George Ellis

No. 9, 44
- Position: Field judge, back judge

Personal information
- Born: June 23, 1920 Lebanon, Tennessee, U.S.
- Died: July 31, 1974 (aged 54) Cleveland, Ohio, U.S.

Career information
- High school: East (Akron, Ohio)
- College: Akron

Career history
- American Football League (1963–1964); National Football League (1968–1973);

Awards and highlights
- Super Bowl V (1971) (possible alternate);

= George Ellis (American football official) =

American football official (1920–1974)

George Lee Ellis (June 23, 1920 – July 31, 1974) was an American football official in the American Football League and the National Football League for a combined eight years. He was a field judge (FJ), and wore uniform numbers 44 and 9 in the AFL. He continued to wear number 9 in the NFL.

==Early life==
George Ellis was born June 23, 1920, in Lebanon, Tennessee. He moved to Akron, Ohio in his youth and graduated from East High School, where he played basketball. He attended the University of Akron before dropping out to become a machinist.

==Career==
Ellis began his career officiating football and basketball at the high school level. He moved on to college sports where he worked in the Ohio Athletic Conference, the Mid-American Conference, and the Big Ten Conference.

He began his professional career in the AFL, working as a back judge for the 1963 and 1964 seasons. He also spent two seasons officiating in the Continental Football League.

Ellis was hired as an NFL official for the 1968 season. He switched his position to field judge, where he would remain for the final six years of his career.

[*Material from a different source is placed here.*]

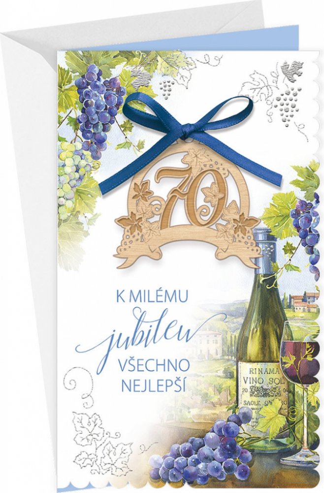 Přání k 70. narozeninám s textem uvnitř přání a dřevěnou ozdobou na vrchní části.* přání je zdobeno mašličkou* součástí blahopřání je barevně sladěna obálka* originální technologie zpracování přáníčka od společnosti ARGUS - "Na detailu záleží!"

He was involved with Super Bowl V in 1971, but was not recorded as one of the game officials.

He spent his final two seasons on injured reserve, as he broke his leg during the 1972 preseason, and suffered from kidney issues during the 1973 season. He died that offseason.

===1968 suspension===
On December 8, 1968, Ellis was part of the crew officiating a game between the Los Angeles Rams and the Chicago Bears, when they lost track of the downs. This became apparent late in the game when the Rams were penalized for offensive holding, yet the down was not replayed. As explained by then NFL commissioner Pete Rozelle:

National Football League game officials erred in not permitting Los Angeles one more down near the end of the Rams game with the Chicago Bears Sunday. A penalty against Los Angeles on the first down of its final series nullified an incomplete pass play. Following three additional incomplete passes by Los Angeles, the ball was turned over to Chicago, thus depriving Los Angeles of a fourth down play to which it was entitled. Los Angeles would have started the fourth down from its own 47-yard line with five seconds to play and 31 yards needed for a first down. All six game officials are equally responsible for keeping track of the downs.

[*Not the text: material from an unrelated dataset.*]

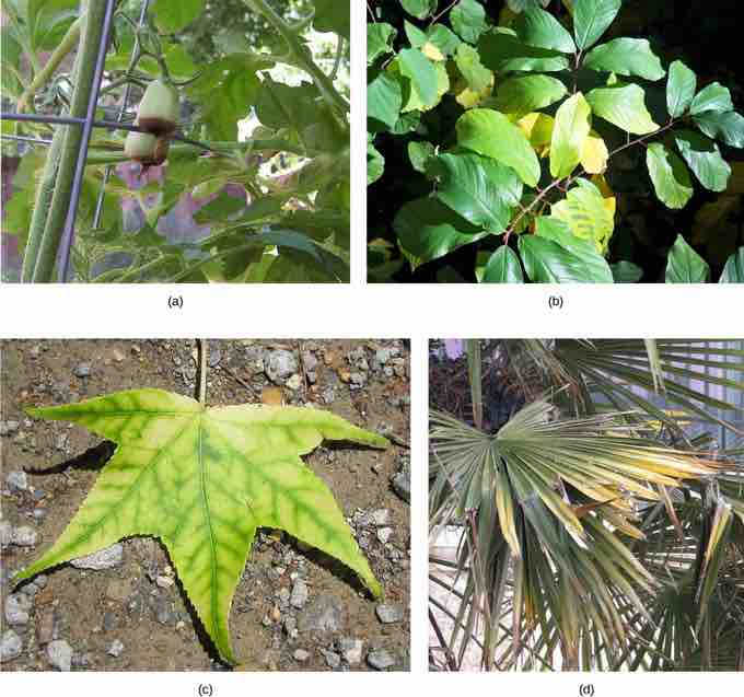 Nutrient deficiency is evident in the symptoms these plants show. This (a) grape tomato suffers from blossom end rot caused by calcium deficiency. The yellowing in this (b) Frangula alnus results from magnesium deficiency. Inadequate magnesium also leads to (c) intervenal chlorosis, seen here in a sweetgum leaf. This (d) palm is affected by potassium deficiency.

Rozelle proceeded to suspend the crew, led by referee Norm Schachter, for the remainder of the season and the entirety of the 1968 postseason. This was the first time any NFL official received a suspension, and the only time an entire officiating crew has been suspended.

==Personal life==
Ellis ran a sporting goods business, known as the George Ellis Sports Centers, and had opened two locations in Fairlawn and Cuyahoga Falls, Ohio.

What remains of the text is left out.